Serving Clovis, Portales and the Surrounding Communities
The following are available for checkout at:
Clovis-Carver Public Library
“About My Mother: True Stories of a Horse-Crazy Daughter and Her Baseball-Obsessed Mother” by Peggy Rowe paints a beautiful and funny memoir conveying the complexity of her mother Thelma. The ultimate tomboy, Peggy saw her mother as a benevolent, loving dictator. Then major league baseball came to town and Thelma turned into a wacky groupie who would throw her underwear at the TV while shouting insults at the umpires. Life between mother and daughter — very different, but very alike — became a series of compromises.
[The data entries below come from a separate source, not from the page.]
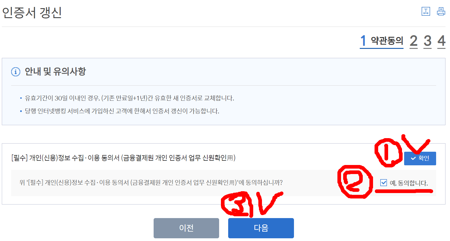 예, 동의합니다를 눌러 체크를 한 후 다음을 눌러 이동합니다.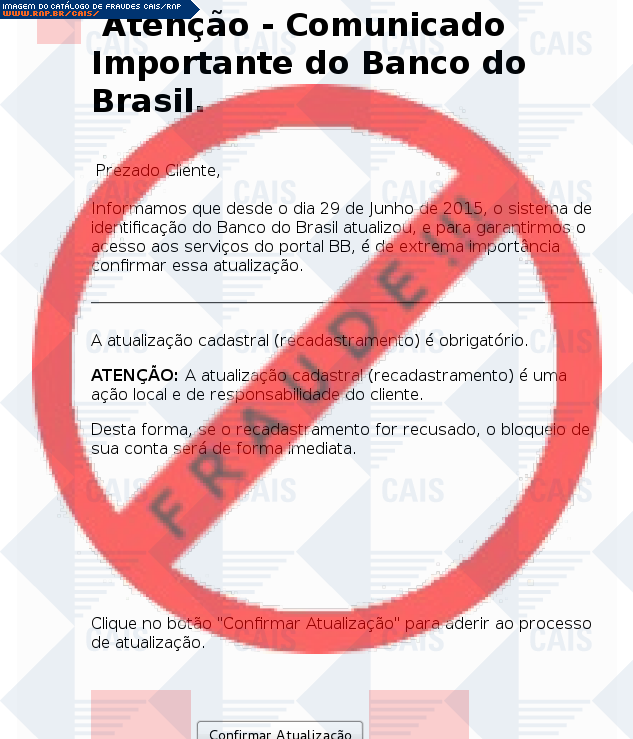 | comentário | O usuário recebe uma mensagem informando que o sistema do Banco do Brasil atualizou sendo necessário realizar uma atualização também na sua conta, no entanto a página é falsa destinada a roubar as informações bancárias do usuário. | |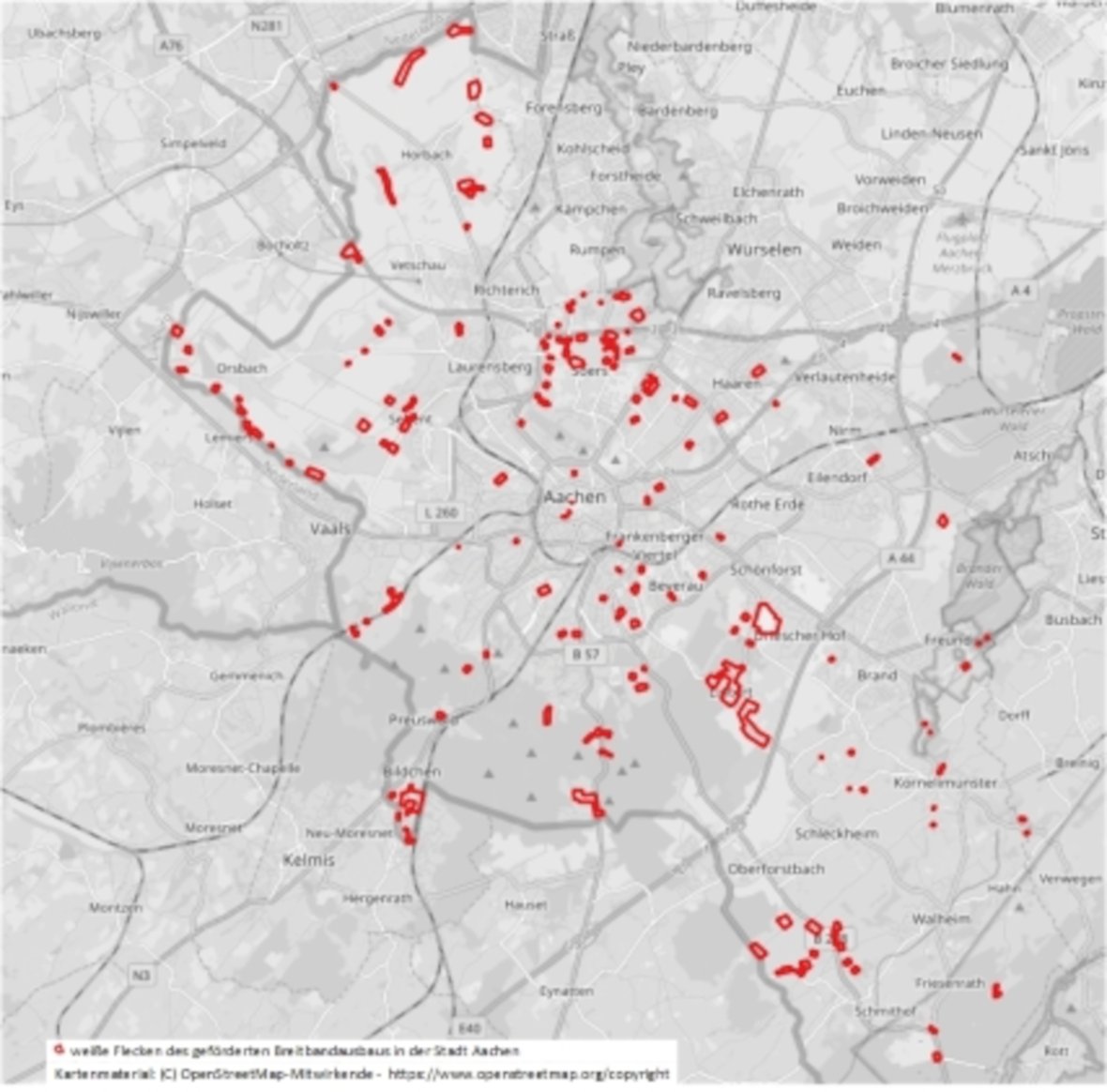 Die Stadt Aachen verfügt bereits jetzt über eine im bundesweiten Vergleich gute Versorgung mit zeitgemäßen Internetanschlüssen. Nichtsdestotrotz gibt es gerade in den Randbereichen des Stadtgebietes Haushalte mit unzureichender oder gar keiner Versorgung mit kabelgebundenen Breitbandanschlüssen.

“Create Your Own Universe” by the Brothers McLeod is here to help jump-start anyone who ever wanted to create a comic, graphic novel, animation, film, television series or even a book. Beginning with fun ways to think about making up characters, the brothers teach how to pick your favorites and create worlds — maps of towns, illustrations of where your characters will live — using words, drawings or even scrapbooking. You’ll finally be able to combine this all together and start bringing your stories to life.
“It Happened in Rocky Mountain National Park” by Phyllis J. Perry depicts an array of intriguing people and events that shaped Colorado’s largest national park. From the attempt by two teens to scale the sheer granite face of Diamond; the life and untimely demise of Rocky Mountain Jim, an eccentric wilderness guide; an out-of-control wildfire that nearly destroyed a town; a tenacious girl who summited a 14,259 foot peak at the tender age of 8; to a serial spouse killer in Estes Park. These fascinating accounts are portrayed in spellbinding detail.
“Lady of a Thousand Treasures” by Sandra Byrd takes place in Victorian England where Eleanor Sheffield, a talented evaluator of antiquities, is appointed as trustee of a wealthy baron’s legendary collection. Eleanor must choose whether to donate the priceless treasures to a museum or allow them to pass to the baron’s son — the man who once broke her heart, yet claims to still love her. His mysterious comments and actions fuel her doubts, forcing Eleanor to decide whom she can trust and what is meant to be treasured.
“The Map of Salt and Stars” by Jennifer Zeynab Joukhadar shadows young Nour and her family as they move back to Syria following the death of her father. To remember him, she recounts their favorite tale of Rawiya, a 12th century girl who disguised herself in order to apprentice to a mapmaker. But when war reaches Nour’s quiet neighborhood, the family flees for safety across the Middle East and North Africa, along the very route Rawiya and her mapmaker took 800 years before in their quest to chart the world.
“Money In the Morgue” by Ngaio Marsh and Stella Duffy continues the adventures of Inspector Alleyn who finds himself in a seedy WWII hospital in New Zealand’s hinterlands, a place swimming in convalescing soldiers who are noisy, often drunk and always over-interested in the nurses. After a storm kills the electrical power, everyone is stranded in the dark with a murderer and Alleyn must go to work to find the elusive killer.